Available Information..................  2

Documents Incorporated by Reference....  2

The Company............................  3

The Offering...........................  5

Risk Factors...........................  6

Use of Proceeds........................  9                PROSPECTUS

Selling Stockholders................... 10

Plan of Distribution................... 11               May --, 1996

Legal Matters.......................... 11

Experts................................ 11

Additional Information................. 12



                                   PART II

                   INFORMATION NOT REQUIRED IN PROSPECTUS


Item 14.  Other Expenses of Issuance and Distribution.

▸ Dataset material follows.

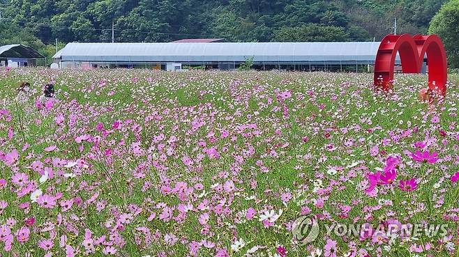 (원주=연합뉴스) 이재현 기자 = 23일 강원 원주시 판부면 서곡리 일원에서 펼쳐지는 2022 원주 용수골 가을꽃 축제장을 찾은 방문객들이 꽃밭을 거닐며 가을을 만끽하고 있다. 2022.9.23

The estimated expenses of the Registrant in connection with the issuance
and distribution of the securities being registered hereby are as
follows:


Registration Fee               $   451
Accounting Fees and Expenses   $ 3,000
Legal fees and expenses        $ 6,000
Miscellaneous Expenses         $ 1,000
                               .......

                       Total   $10,451


Item 15.  Indemnification of Director's and Officers.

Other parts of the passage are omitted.